私達が座っているテーブルには子爵と同時にやって来たメイド達によって、ケーキスタンドと紅茶が用意されていった。
ケーキスタンドには様々な菓子が載っていたが、恐らくは私用に用意してくれたものだろう。
そして淹れてくれた紅茶からはとてもいい香りが漂っていた。
先に口を開いたのはレドモント子爵だった。
「クレメンタイン様、卒業パーティーはとても残念な結果でしたね」
「お気遣いありがとうございます。子爵もマリアン様の事はお気の毒に思います」
「ええ、本当に」
そう言った私達は一瞬目を合わせたまま押し黙った。
これが貴族同士がやる腹の探り合いと言うものなの?
私はなんとなく腹の底に力を込めて、腹の中を探られないようにしてみた。
まあ、あまり意味はないんだけどね。
レドモント子爵は、娘のマリアン様が王都で拘束されている事は知っているはずだが、無表情のその顔からは何も読み取れなかった。
「時に、突然のご訪問は、昨日のラッカム伯爵からの手紙にあった件ですかな?」
「ええ、そうですわ」
私はラッカム伯爵がレドモント子爵に宛てた手紙の内容を知らなかった。
だが、昨日ブリューが言った事で想定することはできるのだ。
そして、今子爵が言っているのは、私が伯爵に提案した被害者の会の事で間違いはないと踏んでいた。
「それで私共には何を要求されるのですかな?」
要求?
被害者の会は共に手を取り合って戦いましょうという事で、別に会費を求めたりしませんよ。
「何もありません」
「ほう、すると見返りも無しに私共を仲間に加えて頂ける、という事でよろしいのでしょうか?」
仲間?
ああやっぱり被害者の会の事で間違いないわね。
なあんだ、ラッカム伯爵も乗り気だったのね。
私は予想が当たっていた事で緊張感が薄れ、気が大きくなっていた。
よし、ここは私も本気だという事を示さないとね。
それに卒業パーティー会場から出てきた時、マリアン様はとても沈んだ顔をしておられたから、きっと意に沿わない未来を憂いていたに違いないのだ。

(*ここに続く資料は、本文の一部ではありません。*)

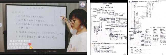 电子电气工程学院黄丽老师积极参与线上教学,认真准备。在《微机原理及接口技术》理论课在线授课过程中,用白板、摄像头和三脚架凑齐了一套可以媲美线下教学的设备。通过这样的教学方式,数学公式、重点难点可以通过手写一步一步展示推导过程。此外,黄丽老师每节课还贴心地准备了直观详实的教学讲义,讲义中手绘清晰的知识结构框架图便于学生理解知识点和课后复习,获得了督导专家、同学们的一致好评。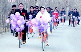 當(dāng)天帥氣的張成家胸戴紅花,精神抖擻地在13位親友的陪伴下,騎著印有青州市公共自行車標(biāo)志的環(huán)保自行車,娶回了新娘馬蘭霞。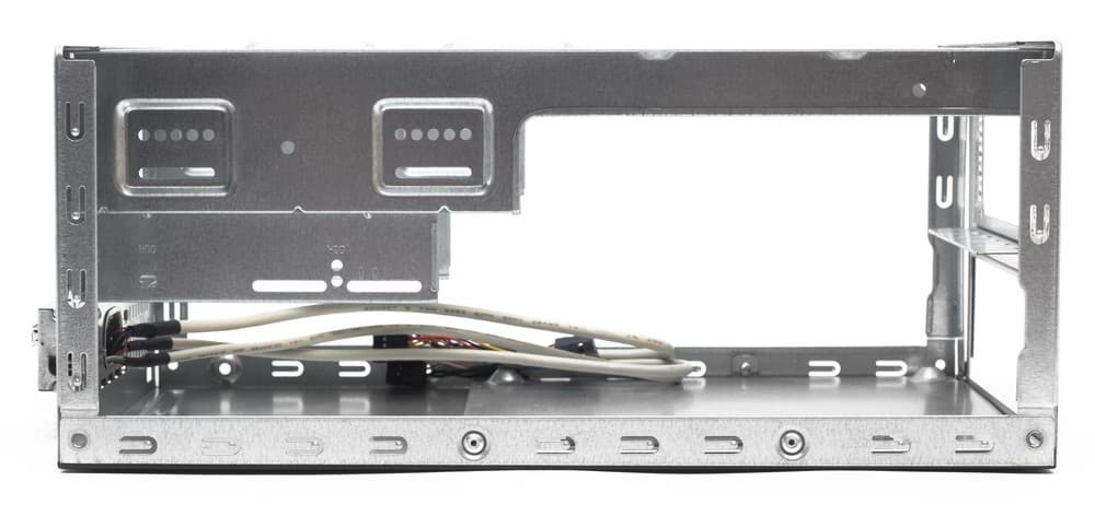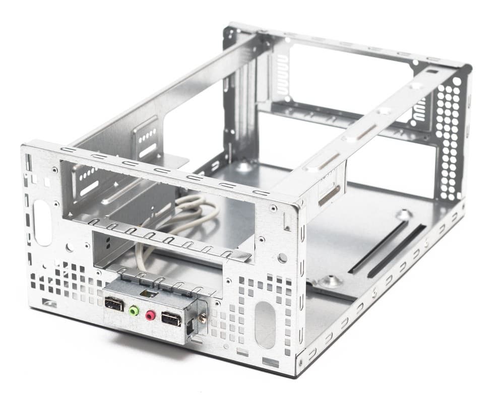 Корпус представляет собой однообъемную конструкцию, единственным заметным отличием которой от классического microATX-корпуса является расположение подложки системной платы на нижней стенке корпуса, а не на боковой.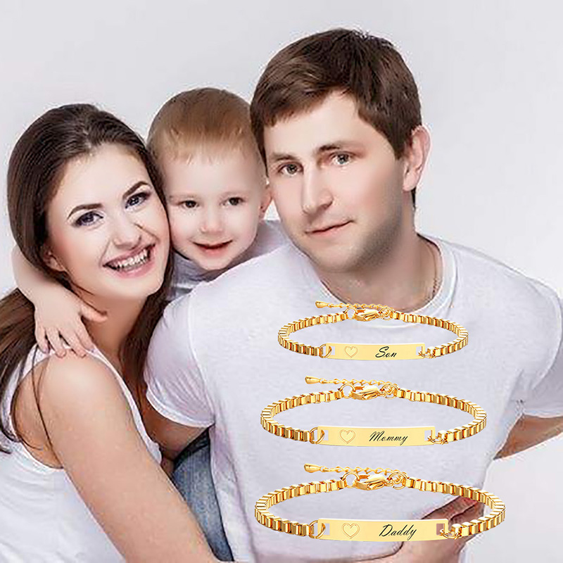 Vnox Pulseira De Aço Inoxidável Gravado Personalizada Fimily Jóias Para O Bebê Pai Mãe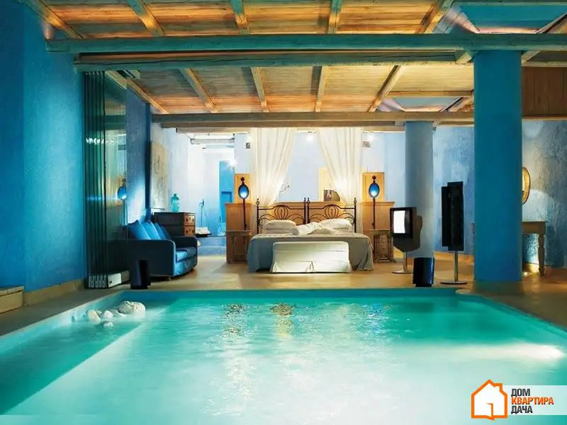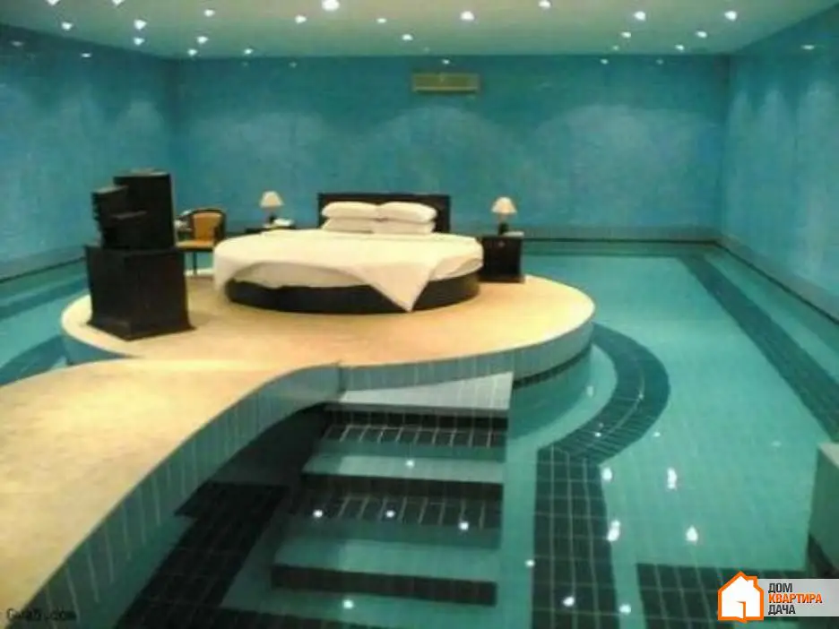 14. Aquí se concretó prácticamente la misma idea, pero en una interpretación completamente diferente: no es una piscina dentro del dormitorio, sino más bien un dormitorio dentro de una piscina. Donde la cama circular está colocada sobre una isla en el centro de la piscina.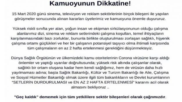 Ülkemizde coronavirüs etkileri ve yansımaları her geçen gün artıyor. Birçok sektörde tedbirler alınırken dizi ve sinema sektörü de tedbir alanlar arasına girdi. On iki sendika ve dernek coronavirüs nedeniyle dizi ve film setlerine 2 hafta ara verilmesi talebiyle harekete geçti. Sendika ve derneklerin imzacısı olduğu açıklamada “geç kaldık dememek için tüm yetkililere sektör bileşenleri olarak çağrımızdır” başlığı altında bir bildiri yayınlandı. Bildiride “yüksek riskli sınıfta yer alan, yoğun insan ve ekipman sirkülasyonunun olduğu çalışma alanlarımız dizi, sinema ve reklam setlerindeki çalışma koşulları, temel ihtiyaçların karşılanmasındaki bazı zorluklar, bununla birlikte oluşturulması zorlaşan sağlıkla, hijyenik çalışma ortamı güçlükler ve her bir çalışanın potansiyel taşıyıcı olma ihtimali karşısında tüm çalışmaların en az 2 hafta ertelenmesi gerektiğini düşünmekteyiz” ifadelerine yer verildi.

「勿論ですよ。大丈夫です、私も頑張りますから仲良くやりましょう。あ、それからマリアン様が悲しむような行動は慎んでくださいね」
「えっ? わ、分かりました」
それまでのお互い腹を探り合うような雰囲気の中、突然私が微笑みながら軽い口調に変わった事で、子爵はやや困惑しているように見えた。
だが、私の雰囲気が変わった事を感じ取ったようで、子爵も釣られて直ぐに笑顔になったのだ。
その後は、これが何時もの子爵なのだろうと思える程砕けた口調になり、領の特産品の説明やらマリアン嬢がいかに出来の良い娘かを話していた。
どうやら交渉は上手くいったようで、私も心置きなくフィセルに向かえるというものだ。結果良ければ全て良しなのよ。